症例

2015年10月24日(土)

不安感 [心療内科]

【主訴】不安感(漠たる不安感によりじっと出来ない)

(その他の症状)不眠、精神不安定(特に怒)、頚肩の凝り、逆上せ、目眩、頭頂部の重さ、耳鳴、腰から下の冷え等

【初診】平成26年7月上旬

【現病歴】
・結婚後の30代の時、家庭内で強烈なストレスが起こり過呼吸や声が1ヶ月出なくなったりした。ここから不眠になる。
(眠剤と精神安定剤服用継続中)また多忙時にギックリ腰によくなる。
・50代で閉経するとホットフラッシュ、頚肩凝り、腰部鈍痛が発症。
・約1年前〜精神的ストレスや心配から解かれた後から漠たる不安感が発症し現在に至る。

[増悪因子]ストレス時や焦った時、特に春先、雨天前。
[緩解因子]薬・カイロプラクティック・鍼灸など、何やかや治療してると安心する。

【その他】
・出産4回
・外食多く早食い、間食多い。
・お孫さんの世話など日々多忙。

【各種弁証】
八網弁証:裏(表証所見なし)、虚(腎虚、心血不足)、実(肝鬱気滞)
臓腑経絡弁証:腎虚(腰痛、耳鳴、尿モレ、口渇、手足ほてり、照海、天井の反応)
心血虚(不眠、多夢、不安感、心兪、神門〜霊道の反応、舌色褪せ)
肝鬱気滞:ため息、情緒不安定(易怒)、何かしてないと落ち着かない、肝之相火、右肝兪等の反応)
正邪弁証:正気虚(入浴後疲労感あり、排便後少気あり)<邪気実(脈力、脈幅あり、老舌、声有力)*心血虚は見られるものの、脈状が有力等により、その程度は軽いと考えるが慎重に判断する。

【弁証】
肝気上逆・腎虚証>心血虚

【病因病理】
30代からの七情不和(心配事)や多忙さから、常に肝気が欝血(気の流れが滞る事)し易い状態にあった上、4度の出産と年齢を重ねた事で、腎精が不足し更に肝気が上逆した状態になったと考えます。

腎精と陰血は互いに転化し合っていますので、腎精が不足すれば、血に変換する能力も減少します。また、長年の睡眠不足が重なり、陰血不足から不安感や多夢、驚きやすい等の心神不寧という状態に至ったと思われます。

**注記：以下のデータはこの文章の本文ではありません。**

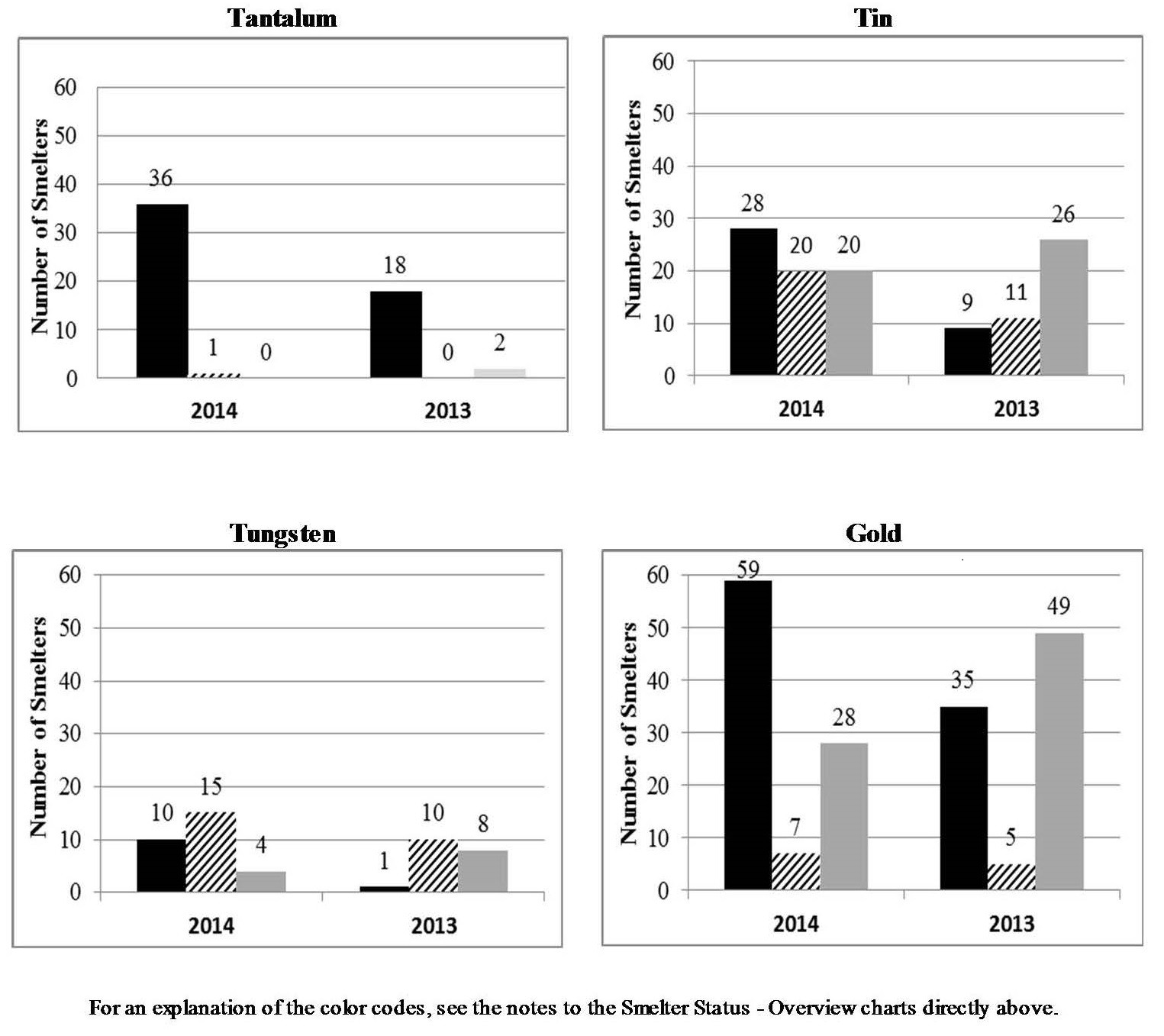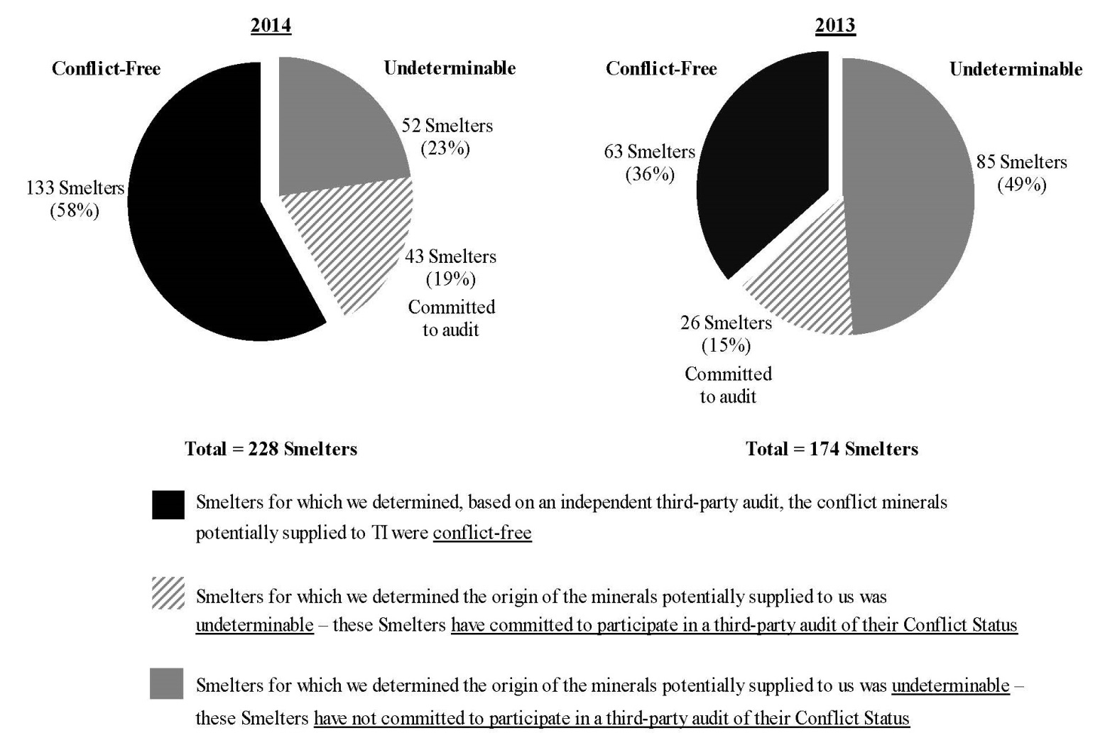 Despite these efforts, we do not have complete information about the CMs in the entirety of our supply chain. For 2014, over 40 percent of Suppliers identified Smelters in their supply chains on a company-wide, division or product-line basis, without specifying which Smelters were relevant to products they supplied to TI. (Accordingly we refer in this Conflict Minerals Report to Smelters as being “potentially” in our supply chain and as CMs “potentially” supplied to TI.) Industry efforts to collect and verify CM origin information remain incomplete. Although a significant percentage of our potential Smelters have committed to participate in a third-party audit of their Conflict Status, that status is currently undeterminable because the audits are not complete. The results of our due diligence, which are summarized in the charts below, reflect these limitations.

「脾を補うには腎を補うにしかず。腎を補うに脾を補うにしかず」と言われているように、脾の臓である胃腸が腎の弱りをバックアップしてくれますが、

この患者さんは肝気の上逆を下げるために、過食に走り脾の臓に常に負担をかけています。すると、湿痰という病邪が中焦(胃腸)に停滞し眩暈等が発症しやすくなります。この患者さんの眩暈は、頭を動かしたり、体位を変えたときに起こりますので、湿痰の邪が肝気上逆とともに耳中に持ち上げられ停滞した事が原因だと推測しました。


【治療方針】
上記の正邪弁証を考え、下焦である腎を補い肝気を下げる治療方法をとる。(当初週3回来院)

1診目→照海整え灸31壮の後、百会20分(8番鍼)
2診目→照海灸16壮の後、百会20分(同上)
3診目→照海整え灸31壮の後、百会30分(同上)
4診目→後渓30分
5診目→後渓30分
6診目〜15診目まで 照海。
17診目〜申脈、滑肉門、承満、不容、梁門、太衝など適宜一穴を置鍼。(眩暈の時は主に腹部を取穴)


【考察】
当初、この患者さんは問診の時点で話しが止まらず、爆弾トーク状態でした。また、常に新しい健康法を見つけては、試していいですかと聞かれたり、友人等の発言にも翻弄されておられました。不安であるほどこの様な状態は激しくなっていました。

この様な患者さんが、今ではすっかり落ち着き不安感は解消され、安定剤や眠剤も15診目には廃薬されました。周囲の友人から変わったねと言われるほど落ち着かれパニック等も全くおこらなくなりました。

現在も治療継続中で2週間に1度ほどのペースで来て下さっています。

鍼の効果はどれほど長く患っていても、必ず緩和されていきます。大きくバランスを崩す前に日頃から常にバランスを取とっておくことが如何に大切な事か、また、それが大病を防ぐことになると感じます。